Cuba

El Cometa Cubano, de un barrio de Miami al Salón de la Fama. Documental de ESPN rescata su historia

Cuando Carlos Álvarez recuerda uno de sus juegos en el equipo de la Universidad de la Florida, en Gainesville, donde se convirtió en una estrella del football universitario, resalta un detalle. “Perdí tres dientes, pero cogí la bola”, dice “El Cometa Cubano”, que es como lo apodó entonces un reportero, para describir su rapidez como jugador y el hecho de que era cubano, algo poco común en el norte de la Florida en 1969, y más aún en un equipo de football.

Ese joven de casi seis pies de altura y 180 libras no había llegado para rendirse, y el incidente de los dientes no iba a detenerlo.

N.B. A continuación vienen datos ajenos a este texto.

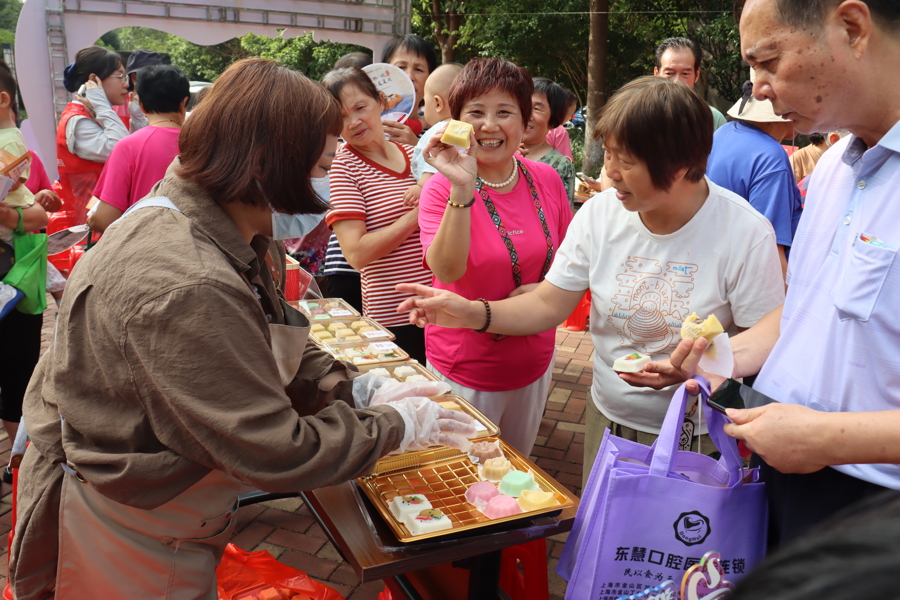 在文化体验区,“巧手做香囊”活动吸引了不少老人参与。大家亲手辨识药材、研磨装袋,制作出一个个寓意吉祥的中草药香囊。“这中草药闻着很舒服,做个香囊挂在家里,既好看又吉利!”许多阿姨拿着自己刚做好的香囊,笑意盈盈地说道。现场还设有重阳糕品尝环节,由本地“稻香糯语”米糕工作室精心准备的花式重阳糕,让老人们在品尝中感受节日的甜蜜与温暖。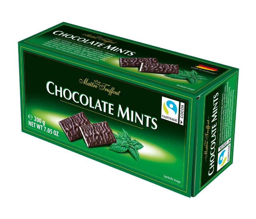 Ohuet After Eight -tyyppiset suklaamakeiset, joissa tumman suklaan sisällä pehmeä minttutäyte. Suklaissa käytetty sertifioitua Reilun kaupan kaakaota.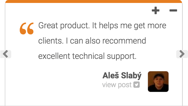 By implementing Repuso and showing your visitors satisfied testimonials from real persons, you will boost the conversion rate of your website!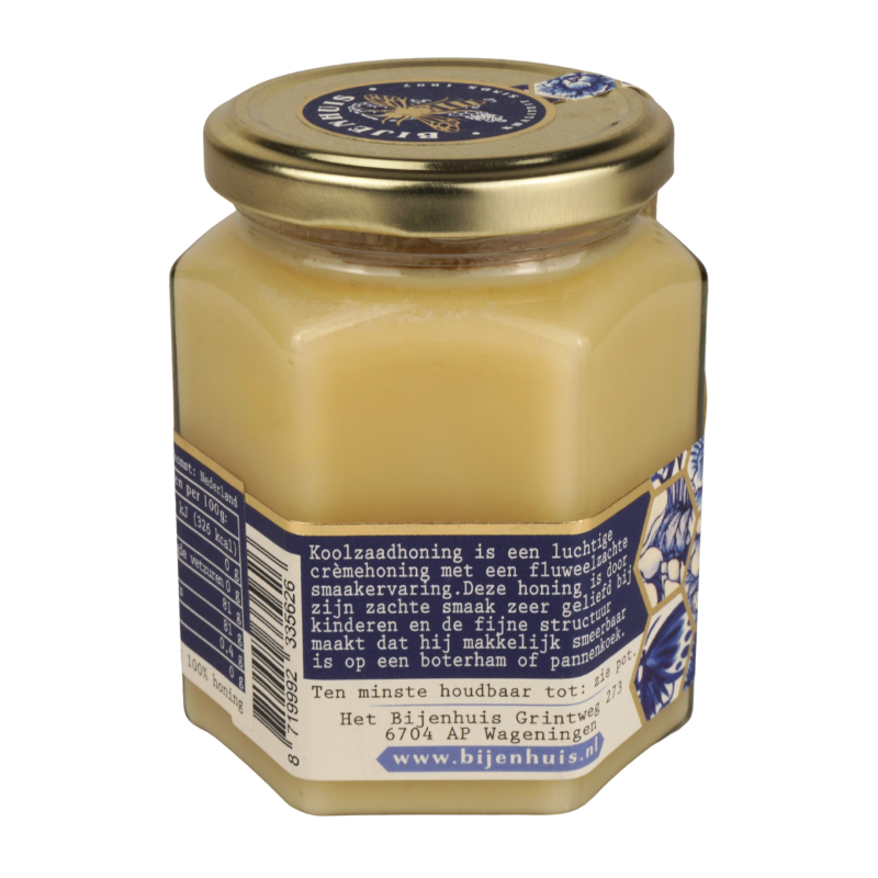 Deze koolzaadhoning komt van onze geselecteerde imkers uit Nederland.

En el partido contra la Universidad de North Carolina quedó fuera durante dos jugadas, pero luego regresó al terreno y continuó, contó Álvarez a el Nuevo Herald a propósito de un documental sobre su vida, The All-American Cuban Comet, que estrena y presenta en varias ocasiones esta semana SEC Network, de ESPN.

El documental, que como describe su director, Gaspar González, es una historia de inmigrantes, de éxito, pero también de enfrentamiento al racismo y de lucha por ser aceptado de alguien que es diferente, llega en un momento clave por las recientes polémicas por la participación de atletas en diversas formas de protestas políticas.

“Si te callas, estás diciendo que eso está bien”, es una de las frases de condena a quienes guardan silencio ante las injusticias que Álvarez, hoy un prominente abogado, dice en el documental.

Álvarez señaló que su entrada en 1968 a la Universidad de la Florida tuvo de trasfondo acontecimientos como la guerra de Vietnam, el asesinato de Martin Luther King y las luchas por los derechos civiles. La llegada al equipo de los primeros jugadores afroamericanos, Willie Jackson y Leonard George, no se produjo hasta 1970. Esta situación siempre molestó a Álvarez, que veía que él, que ni siquiera era ciudadano norteamericano, podía jugar, y que los afroamericanos, que eran enviados a combatir en la guerra, no podían formar parte del equipo.

Carlos llegó a Estados Unidos con su familia en 1960 cuando tenía 10 años, y se había acostumbrado a ser único en muchos aspectos. Vivían en North Miami, alejados de los cubanos que solían establecerse en la Pequeña Habana y otros vecindarios más al sur. En su escuela primaria nadie hablaba español y Carlos, que no hablaba inglés, tuvo la suerte de encontrarse una maestra, “un ángel guardián” como la llama, que se dio cuenta que él le llevaba dos años de adelanto al grupo en matemáticas.

“Ella me mandaba a la pizarra a hacer ejercicios de matemáticas y eso me daba confianza”, recordó Carlos, que había estudiado en el colegio de La Salle en La Habana y estaba fuerte en esa materia.

Para la familia Álvarez no habría vuelta atrás. A diferencia de otros cubanos, ellos no soñaban con las próximas Navidades en La Habana. Al llegar a Estados Unidos, su padre, un abogado que había sido compañero de estudios de Fidel Castro, les dijo que se quedarían aquí, que había que aprender inglés y mirar hacia adelante.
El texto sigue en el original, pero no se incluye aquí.